O vazio interno da pelve é ocupado feixes neurovasculares e por vísceras recobertas pelo peritôneo (bexiga, ureteres, próstata, vesículas seminais, corpo peniano, cordões espermáticos, útero e anexos – ovários, trompas e mesossalpinges – fundo vaginal, intestinos, enchimentos gordurosos).

ETIOLOGIA PROCTOLÓGICA

Dentre à dores de etiologia proctológica:

– Proctalgia fugaz e síndrome elevador do ânus

– Síndrome dolorosa perineais crônicas

– Coccigodinia

– Dor perianal idiopática

PROCTALGIA FUGAZ E SÍNDROME DO ELEVADOR

Quadro clínico: surge a dor no reto e cessa rapidamente, com duração de 1 a 2 minutos, desaparece espontaneamente e recorrência em intervalos irregulares, sem relação com doença orgânica. Ocorrendo habitualmente à noite, na primeira fase do sono, sem alterações intestinais. Pode ser descrita, em geral, logo acima do ânus, na região do reto, como torturante, opressiva, espasmódica, aguda, apertada.

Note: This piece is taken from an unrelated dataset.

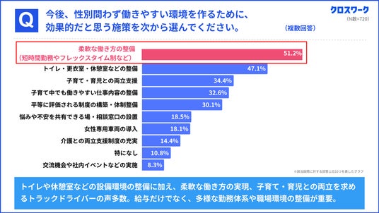 こうした状況を踏まえ、トラックドライバーに男女問わず働きやすい環境を作るための効果的な施策を尋ねたところ、半数以上が「柔軟な働き方の整備(51.2%)」と回答しました。

Mecanismo: possivelmente secundária às contrações espásticas do músculo puborretal associadas ou não aos outros elementos musculares do assoalho pélvico, inclusive na musculatura lisa do esfíncter anal interno.  O alívio da dor pode ser precipitado pelo relaxamento do períneo, na micção e na evacuação fecal. Há casos que evoluem com melhora após bloqueio do nervo pudendo, sugerindo sensibilização do nervo pudendo.

 

 SÍNDROME DO ELEVADOR DO ÂNUS

Quadro clínico: dor pesada ou em pressão no reto, sensação de estar sentando sobre uma bola ou como se tivesse uma bola dentro do reto. A dor piora quando a pessoa se senta e melhora quando em pé ou deitada.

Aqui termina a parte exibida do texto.